Pioneers of Probability: Christiaan Huygens

If you could write one rule to make every gamble fair, what would it be?

By 1655, word had spread through the mathematical circles of Paris that something remarkable had happened the previous summer. Two mathematicians — Pascal and Fermat — had exchanged a series of letters that solved a centuries-old gambling problem and, in doing so, helped establish a new field of study.

A young Dutch physicist visiting the city heard the rumors. He tried to get hold of the letters. He couldn't.

So Christiaan Huygens did what any serious mathematician would do. He worked it out for himself.

Welcome to Pioneers of Probability.

You may know Huygens from a different story entirely. He invented the pendulum clock — at the time, the most accurate widely used timekeeping device. He discovered Titan, Saturn's largest moon. He developed the wave theory of light that would later challenge Newton. By any measure, he was one of the great scientific minds of the seventeenth century.

And yet the contribution that earns him a place in this series was, in some sense, a side project — a short book he wrote in his late twenties, almost as an exercise.

It became one of the most influential texts on probability of its century.

When Huygens returned to the Netherlands from Paris, he sat down with what he knew of the Pascal-Fermat problem and reconstructed the logic from scratch. He solved it. He then went further — generalizing the approach beyond the specific gambling problem that had prompted it, and building what amounted to the first systematic framework for calculating expectations under uncertainty.

In 1657, he published De Ratiociniis in Ludo Aleae — On Reasoning in Games of Chance.

It is widely regarded as the first printed textbook on probability ever written.

This matters more than it might seem. Pascal and Fermat had solved the problem, but their correspondence stayed private, circulating only among a small network of scholars. Without publication, ideas don't spread. Without spread, there is no field. Huygens was the one who put the mathematics into print — and in doing so, he gave a generation of mathematicians something to read, teach, build on, and argue with.

The core of the book was the formalization of expected value.

Pascal had used the concept intuitively — his Wager was an expected value argument in everything but name. Fermat's enumeration method implicitly depended on it. But neither man had written it as a clean mathematical formula.

Huygens did. E(X) equals the sum of every possible outcome multiplied by its probability. That's the formula on the coin. It looks simple. Its implications are not.

Expected value is the answer to what is perhaps the most fundamental question in decision-making: what is a fair price for an uncertain outcome? Not the best outcome. Not the worst outcome. The probability-weighted average of all outcomes. That number — and that number alone — is what a rational actor should be willing to pay.

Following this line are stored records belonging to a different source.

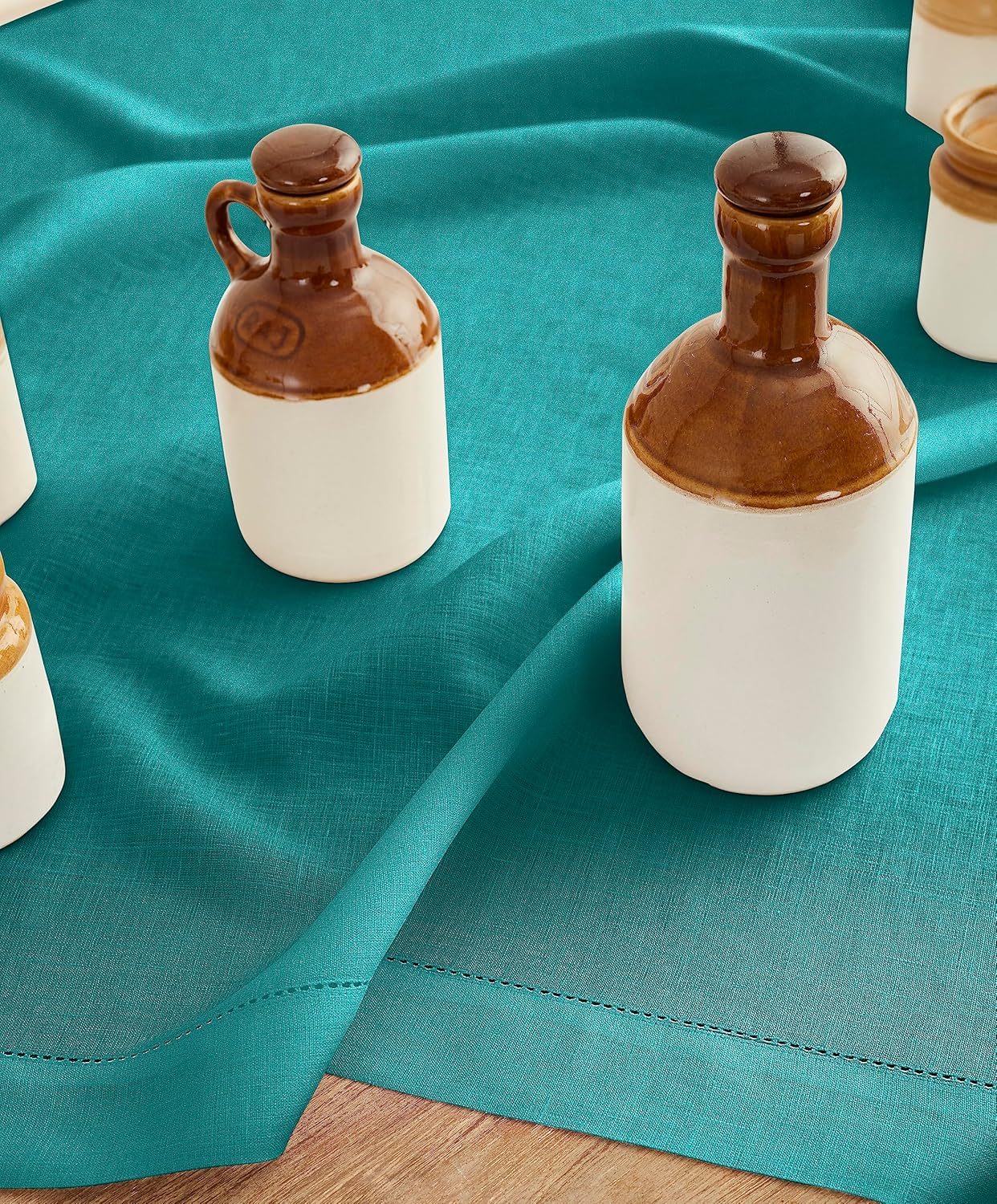 Solino Home Linen Square Tablecloth 52 x 52 Inch - 100% Pure Linen Teal Table Throw - Classic Hemstitch, Machine Washable Table Cloth for Fall, Autumn, Thanksgiving, Christmas
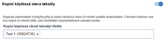 Uusia asiakkaita lisättäessä voit kopioida yhden tai useamman robotin, jonka olet kouluttanut muissa tileissä. Näin sinun ei tarvitse aloittaa alusta jokaisen uuden asiakkaan kanssa.
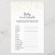 Det här spelet med blandade bebisord med guldconfetti är perfekt för en elegant baby shower eller en sprinkel för en flicka eller pojke. Designen har falskt guldconfetti på vit bakgrund och enkel mörkgrå kalligrafi.
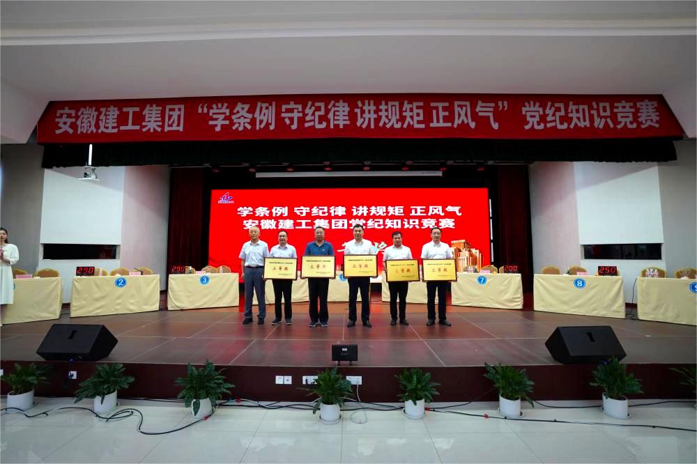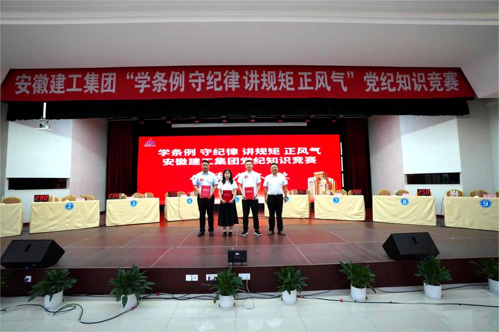 7月17日下午,由安徽建工集團黨委主辦,安徽建工建設投資集團黨委承辦的“學(xué)條例 守紀律 講規矩 正風(fēng)氣”黨紀知識競賽成功舉辦。由機關(guān)黨支部黨員譚園園、王弋、王燕三人組成的建工建材代表隊,在集團系統24支代表隊、72名選手中憑借過(guò)硬實(shí)力脫穎而出,最終斬獲三等獎,王燕同志榮獲優(yōu)秀個(gè)人獎。
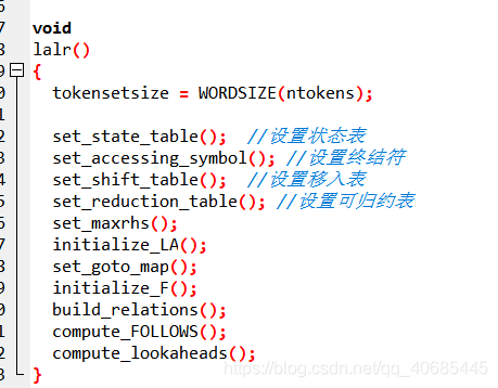 lalr()目的是要获取向前看符号即FOLLOW函数的结果加入到DFA中
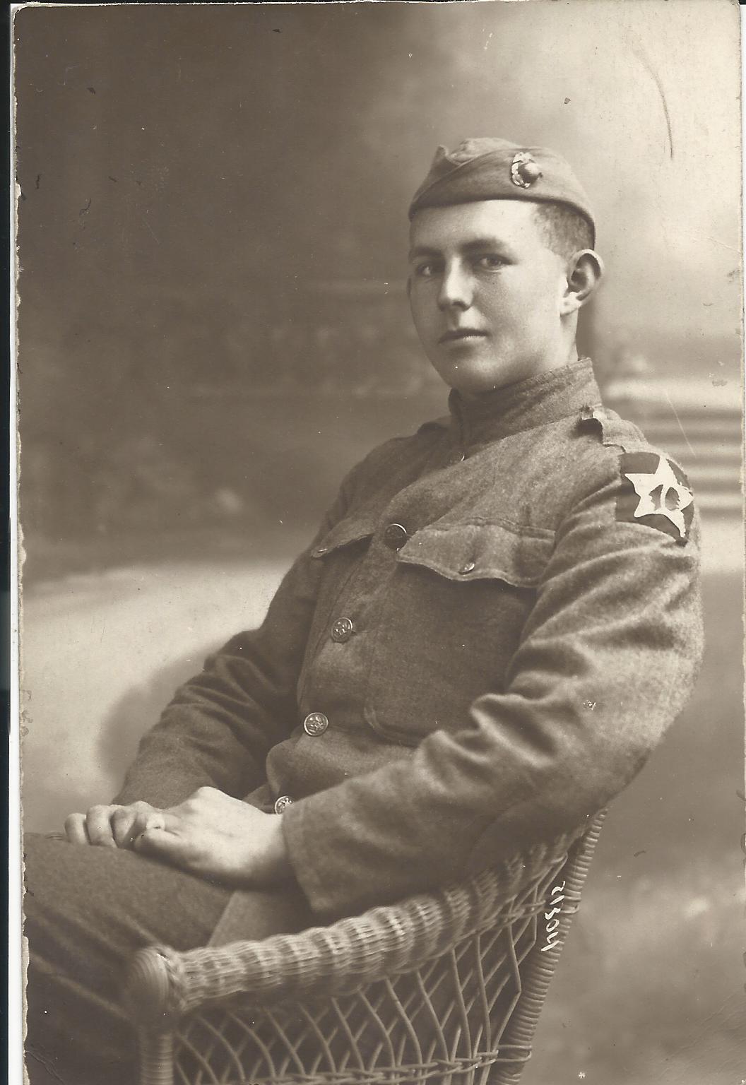 - Original postcard photograph of Klink in uniform with 1st Battalion 5th Marine Regiment uniform insignia visible.

Huygens proved this formally through a series of propositions, building from first principles, using only the assumption that a fair game is one where each player's expected gain equals zero. From that single axiom, he derived a complete framework for valuing uncertain prospects.

That framework sits at the foundation of many modern approaches to financial risk.

When a portfolio manager calculates the expected return of an asset, she is computing E(X) — summing every possible return, weighted by its probability. When a risk model assigns probabilities to different market scenarios, it is doing exactly what Huygens formalized. When an index fund holds every stock in proportion to its market weight, it is reflects the expected value of the market as a whole — rather than a bet on individual  stock outcomes .

The insight Huygens codified is often cited as  the sharpest argument against active stock-picking. If markets are reasonably efficient — if prices already reflect the expected value of future cash flows — then trying to beat the market means betting that your estimate of expected value is more accurate than the collective estimate of every other participant. That is a high bar. Much evidence suggests most investors clear it only by luck, and only temporarily.

Huygens didn't know he was arguing for passive investing. He was writing about dice. But the logic travels.

There is a pattern running through every episode of this series that is worth naming here.

Fibonacci was a merchant's son solving a commercial problem. Cardano was a physician gambling away his estate. Galileo was an astronomer asked about dice by a duke's courtiers. Fermat was a lawyer who did mathematics in his spare time. Pascal was a theologian making an argument about God. And now Huygens — primarily a physicist, primarily concerned with pendulums and planets — writes the probability textbook that defines the field for a century.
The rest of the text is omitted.